F.Calculate the mass of nickel (II) nitrate that would be found in 100 mL of the unknown solution and enter it into your Excel® file.

G.Plot a second graph with the independent variable, molarity of the nickel solution, along the abscissa, or x-axis, and with the dependent variable, Absorbance, along the ordinate, or y-axis.This graph will include the point for the unknown nickel (II) nitrate solution.

H.Review your graph to ensure that you have included the appropriate labels:Chart Title, the value that the x-axis represents, and the value that the y-axis represents.

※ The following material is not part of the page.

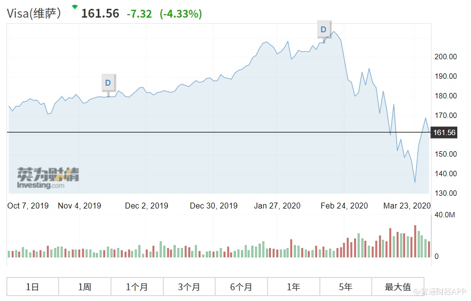 Visa不是贷方,它只是促进两方之间的付款,因此在这种熊市中,Visa的风险要小得多。它不必担心违约的风险,一旦近期危机结束并且经济恢复正常,Visa的股价也将会立即出现反弹。周五收盘,Visa的收盘价为161.56美元,较近期高点下跌约24%。

1.Show your calculations determining the mass of nickel (II) nitrate required to prepare 100 mL of each of the four standard solutions.

2.Include your Excel graph showing your standard calibration curve.

3.Include your final Excel graph showing the unknown in its proper place on the calibration curve.

4.Show your calculation of the mass of nickel (II) nitrate that would be found in 100 mL of the unknown solution.